While they all acknowledged the need for a library, they grappled with how to get children to read. Children do not read anymore, they said, but Malhotra knew better.
His initial response though, was to give money to people to help buy books and run libraries in the slums. Big mistake!
“The two or three people we had given money to, their libraries never worked because they were always giving us excuses, ‘you know children are not interested; I can’t find someone
to run a library’, and I thought, come on, I just spent Rs. 40,000 on a library and you are giving me these excuses,” says Malhotra.
He knew he could not do this on his own, and he knew the model had to be tested. What worked for a city library may not work for a government school library. For one, reading abilities were different and an English books-based library may not work. So he partnered with the Akshara Foundation, which was internally discussing the same issue: The need for libraries in government schools.
In their trial-and-error testing period between 2004 and 2006, they built 52 libraries around Bangalore. And in the process, found a model that could work for government schools.
This model has three arms: Hippocampus, the parent library, runs for profit; Hippocampus Reading Foundation (HRF) focusses on government schools in cities and the rural areas; and a Book Council sorts through content from various publishers and drafts catalogues for urban poor, and rural children.
HRF sets up libraries by partnering with local NGOs, who finance and maintain these libraries. A government school teacher runs the library; children pay a membership fee of Rs. 10 per month. However, in most cases the partner NGO funds the librarian’s fee as well. “The initial cost of setting up a library is Rs. 10,000 and then per year, the cost for getting new books is approximately Rs. 3,000,” says Maitreyee Kumar, founder, Dream School Foundation, which has set up 10 libraries in partnership with HRF.

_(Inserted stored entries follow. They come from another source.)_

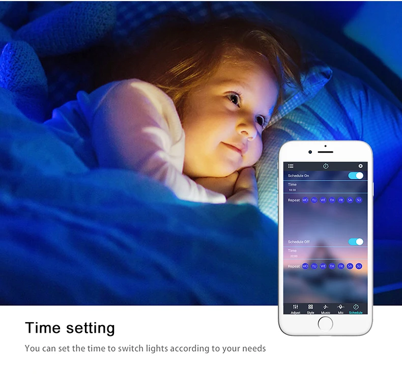 Настройка времени: настраиваемая функция синхронизации позволяет выбрать, когда и в какие дни вы хотите включить/выключить светильник. Вы никогда не будете беспокоиться, если вы забудете выключить светильник или нет, установите время на свой веревочный светильник s, когда вы просыпаетесь по утрам, чтобы сделать светильник прекрасным днем.
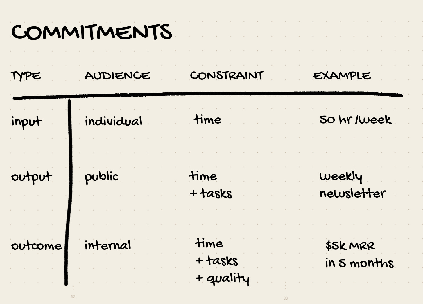 Before committing to a bold outcome like becoming a millionaire within 5 years, focus on an input commitment like deep-working for 2 hrs a day.
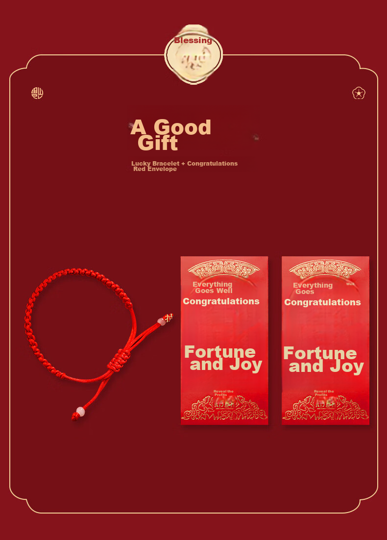 **Accessories:** Lucky bracelet and red envelopes for good luck and prosperity
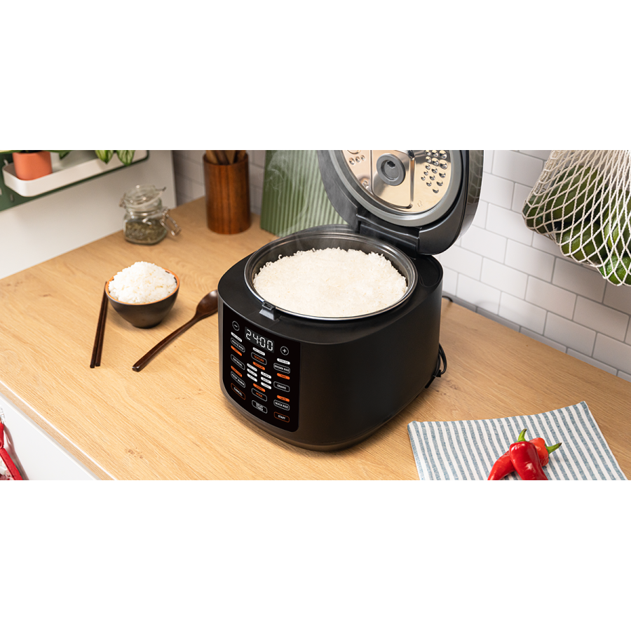Не обмежуйте свої смакові рецептори в гастрономічних витворах мистецтва! Мультиварка запрограмована таким чином, щоб ідеально обробляти продукти та тішити вас смачними композиціями. У розпорядженні пристрою функції для приготування різних видів рису, вівсянки, кіноа, ячменю, ви можете обирати потрібну текстуру та час. Також є режими смаження, пароварки, томління, підтримання температури і відкладений старт.
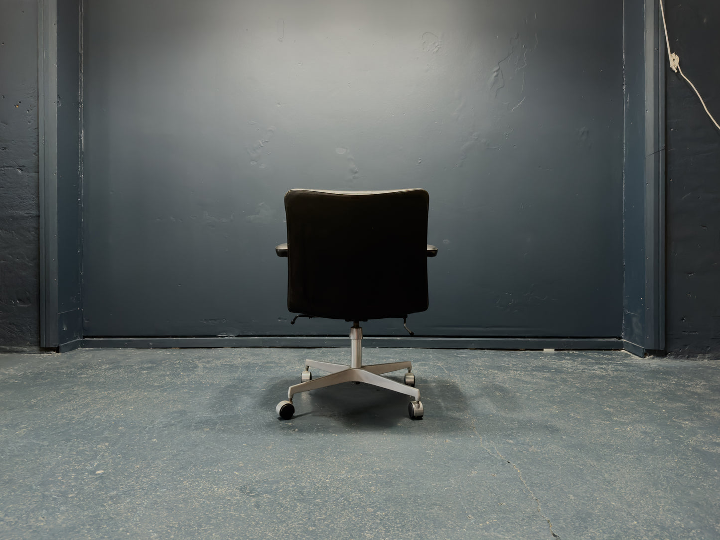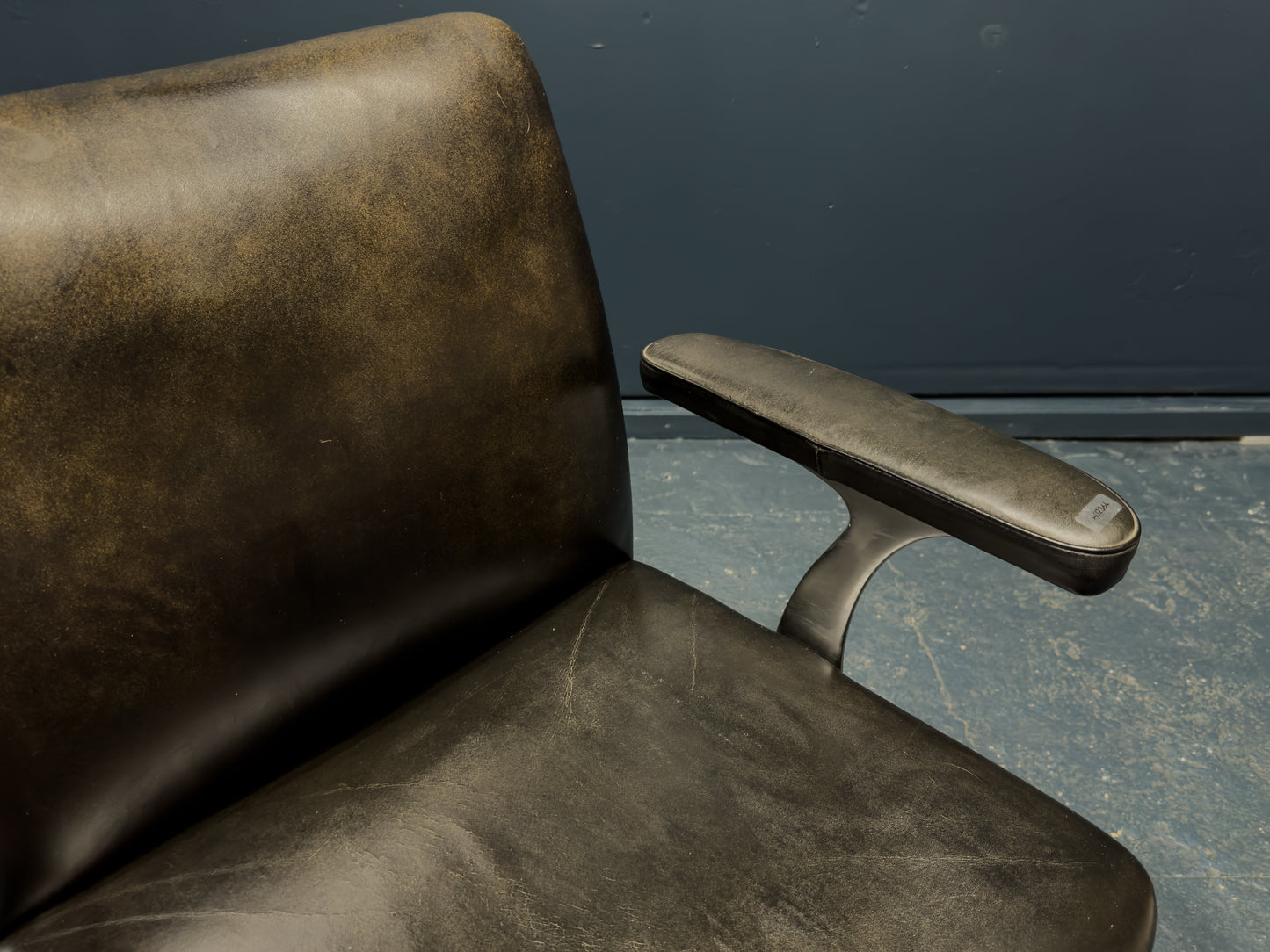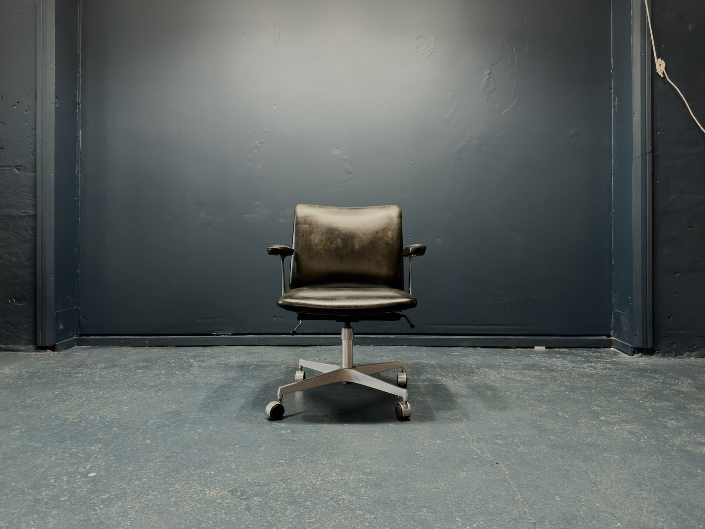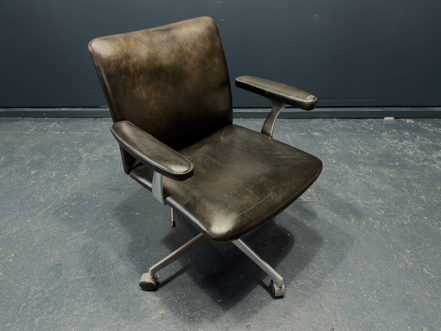 This 'Model 209' swivel chair by France and Søn was created by Danish architect and designer Finn Juhl in the 1960s. The 'Model 209' chair was part of the Diplomat and Technocrat office series created by Juhl and France and Søn. This chair features the original gorgeous patinated black leather upholstery, that is perfectly complimented by the chrome frame and hardware. The height of the chair is adjustable.
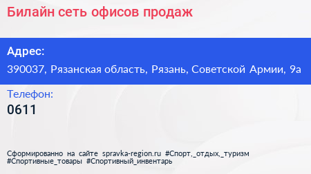 Билайн, сеть офисов продаж по адресу 390037, Рязанская область, Рязань, Советской Армии, 9а в дальнейшем Организация, размещена в следующих категориях:
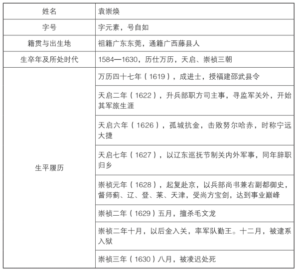 袁崇焕履历表
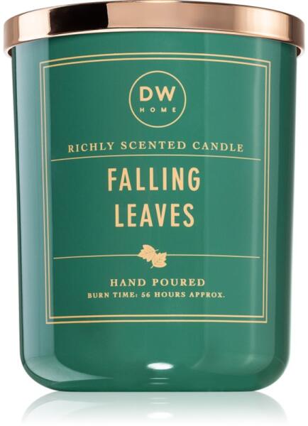 DW Home Signature Fallin Leaves, 425 g, Illatgyertyák Illatok lakásba, Az otthonát csodálatos aromával illatosító DW Home Signature Fallin Leaves illatgyertya olyan meghitt hangulatot teremt, melynek köszönhetően mindig remekül érzi majd magát. Tulajdonságok: őszi illat Használata: A mécsest kellően hőálló felületre helyezze. 4 óránál hosszabb ideig ne hagyja égni. Mindig
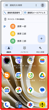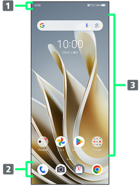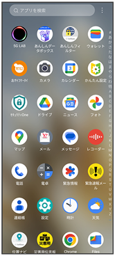 | アイコンをタップすると、アプリや機能を起動できます。お好みのアプリのショートカットを最大5つまで配置できます。フォルダを配置することもできます。 | ||
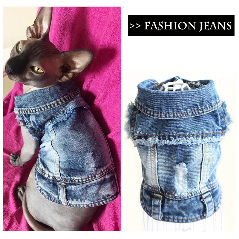 Весенняя серия джинсовых жилетов для кошек, Модная Джинсовая одежда для кошек, Сфинкс, повседневное Ковбойское пальто, куртка, костюм для домашних животных XS-XXL 10E
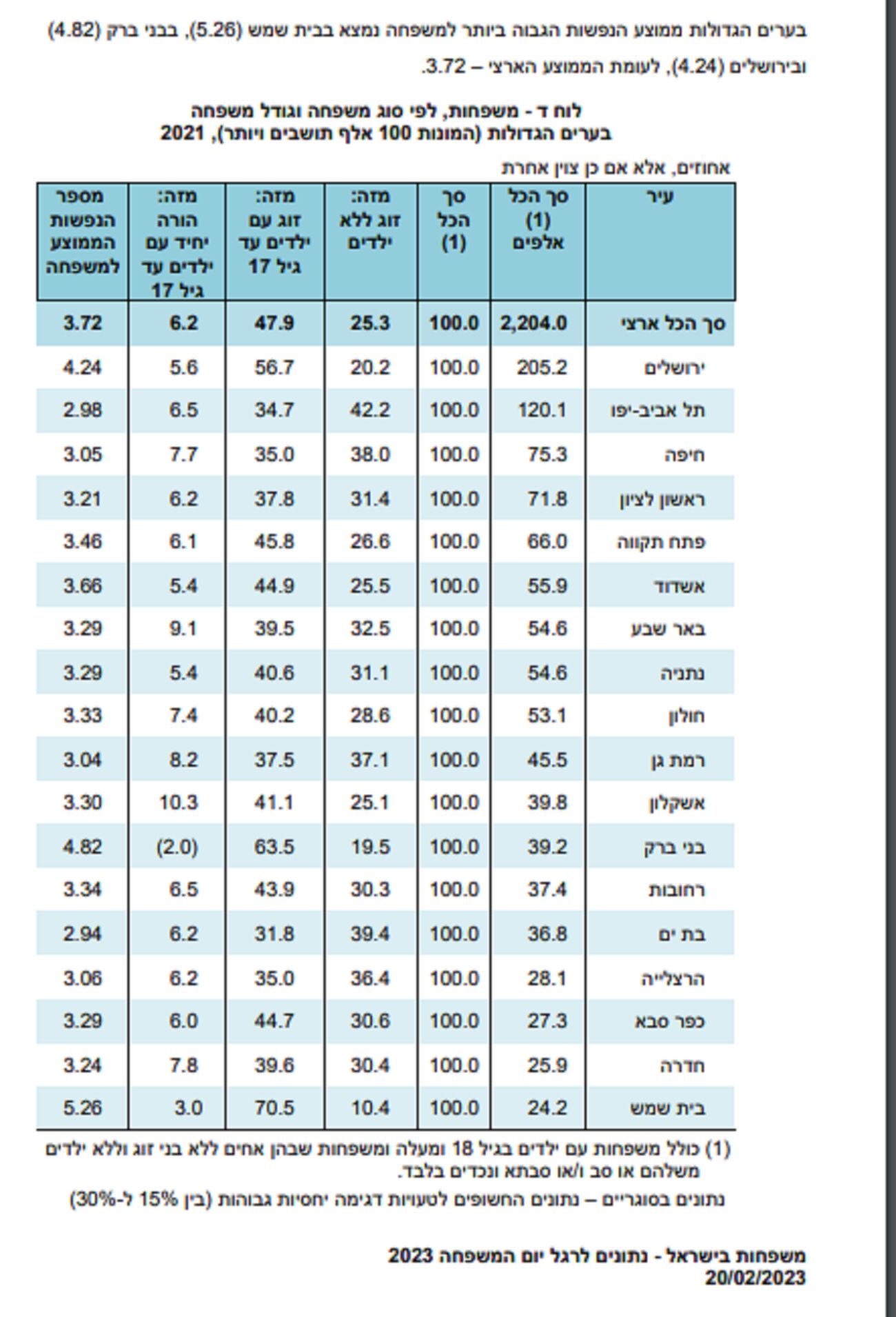 מבחינת ממוצע הנפשות במשפחה בית שמש גם מובילה עם ממוצע של 5.26 נפשות אחריה נמצאות בני ברק עם 4.82 נפשות וירושלים עם 4.24 נפשות.
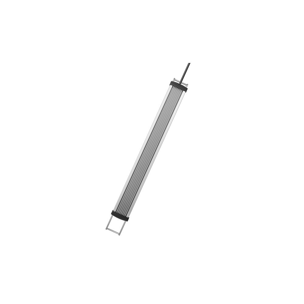 8 comprimentos para aquários de 36 a 135cm de largura (continuamente ajustáveis pelos suportes de fixação de aço inoxidável extensível).
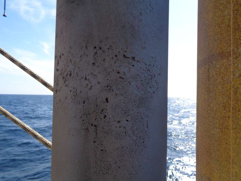 Op een offshore platform werd ernstige corrosie vastgesteld aan een riser (platformpoot). Deze riser is een cruciaal constructief onderdeel en staat continu bloot aan een agressieve maritieme omgeving.
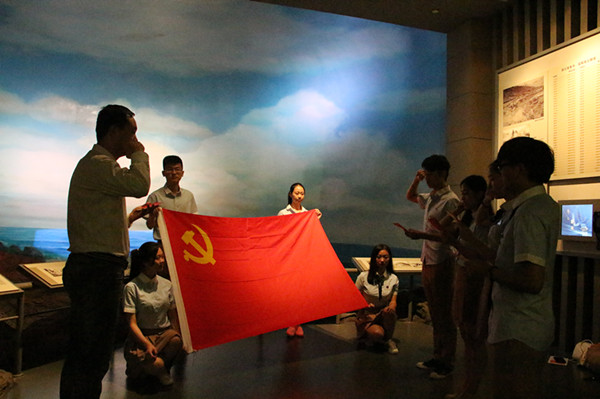 在紀(jì)念館偉人壁畫像前,學(xué)生黨員代表向著黨旗,舉起右手重溫入黨誓詞。莊嚴(yán)的畫面、豪邁的誓言使每一位黨員仿佛回到了入黨的那一刻,又一次接受心靈的洗禮,進(jìn)一步堅(jiān)定了立場(chǎng)信念。
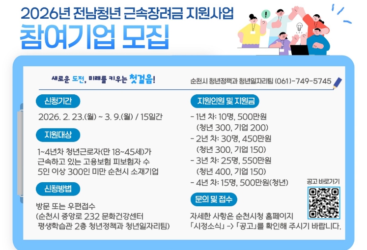 ![]() 순천시, 청년 근속장려금 참여 기업 모집 |
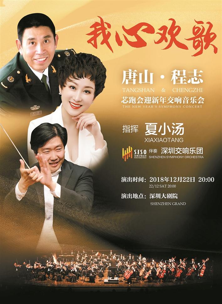 深圳晚報(bào)2018年12月13日訊 12月22日,“我心歡歌”唐山·程志音樂(lè)會(huì)將唱響深圳大劇院。本場(chǎng)音樂(lè)會(huì)由著名指揮家夏小湯執(zhí)棒,深圳交響樂(lè)團(tuán)演奏。當(dāng)晚,深圳本土歌唱家唐山和國(guó)內(nèi)著名男高音程志將為觀眾獻(xiàn)上多首中外經(jīng)典名曲和個(gè)人保留曲目。
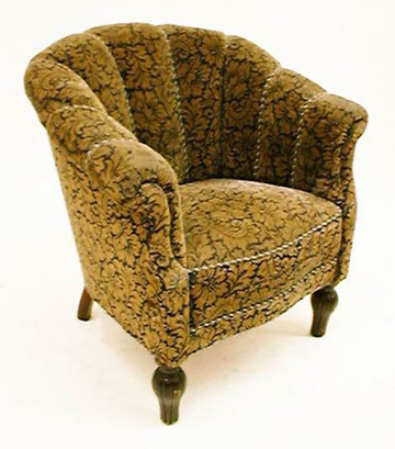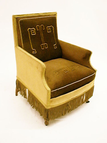 Sessel, Jugendstildekor, goldfarbener Samt/ Franse
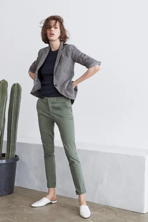Черная футболка, серый пиджак и брюки хаки легко могут стать основой твоего базового гардероба. Сочетая их между собой или надевая по отдельности, ты будешь выглядеть свежо и стильно.
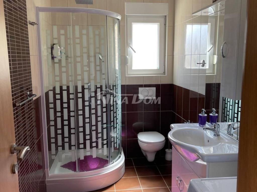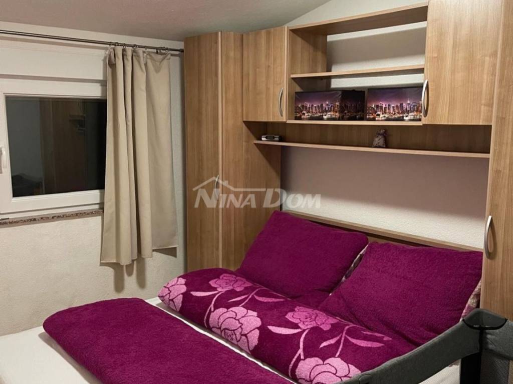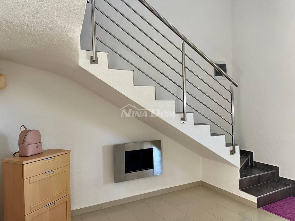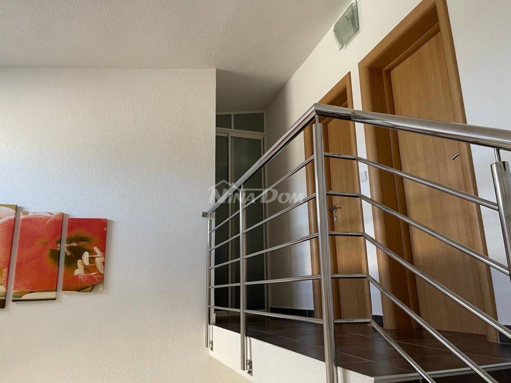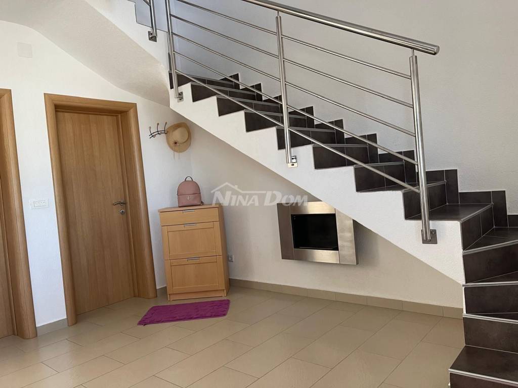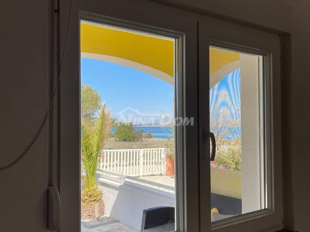 Nekretnina u nizu s prostranom okućnicom udaljena svega 100 metara do mora i plaže. Nekretnina se sastoji od prizemlja i kata; prizemlje: natkrivena terasa, dnevni boravak, kuhinja s izlazom u zadnji dio dvorišta, ostava, kupaona, unutarnje stepenice. na katu dvije spavaće sobe i kupaona. Korisne površine po etažnom elaboratu 73.35 m2 Kompletno opremljena i kao takva se prodaje. Okućnica prostarana, popločana s dijelom zelenila. 203.61 m2. Voda Bušeni bunar, struja,

For Hippocampus, the Malhotras had gone through a list of 20,000 titles to choose 3,000 which they ordered from the US. But for HRF, they needed to localise the content. That’s where the Book Council came in. Vimala, along with her colleague, Arvinda Anantharaman had the task of organising a catalogue of books for government school children.
“For a language like English you have a library list of anywhere upwards of 20,000 titles across different genres. We would be lucky if we even had 800 Kannada story books to choose from. Right now, we only have 300 Kannada books available through various publishers,” says Vimala. So far, they have hand-picked 150 books per library across six levels.
Each level has approximately 10 to 12 books. Even so, four books in every set of 12 tend to go out of publishing at some point. This is something they constantly have to work on for the HRF programme.
The books are matched to the children’s reading levels which are graded under a colour coding system called GROW BY Reading (GBR). The acronym GROW BY stands for green, red, orange, white, blue, and yellow — green is the lowest level and yellow the highest. GBR also creates activities around the books that take the children beyond the content in the book. For example, they make animal masks based on a book they read on animals or discuss issues raised in the books.
In the urban poor areas, these libraries are already making a difference. Children’s reading levels are up between 30 and 70 percent. The partnership with Akshara Foundation has now ended, but the Foundation has set up 1,410 libraries across Karnataka based on what it learned through the initial exercise together. HRF, on its part has added 150-odd libraries to the initial 52. Its catalogue is now available for books in five languages (Kannada, Tamil, Urdu, English and Hindi). It is also trying to enlist corporates like Cisco and ArcelorMittal as sponsors.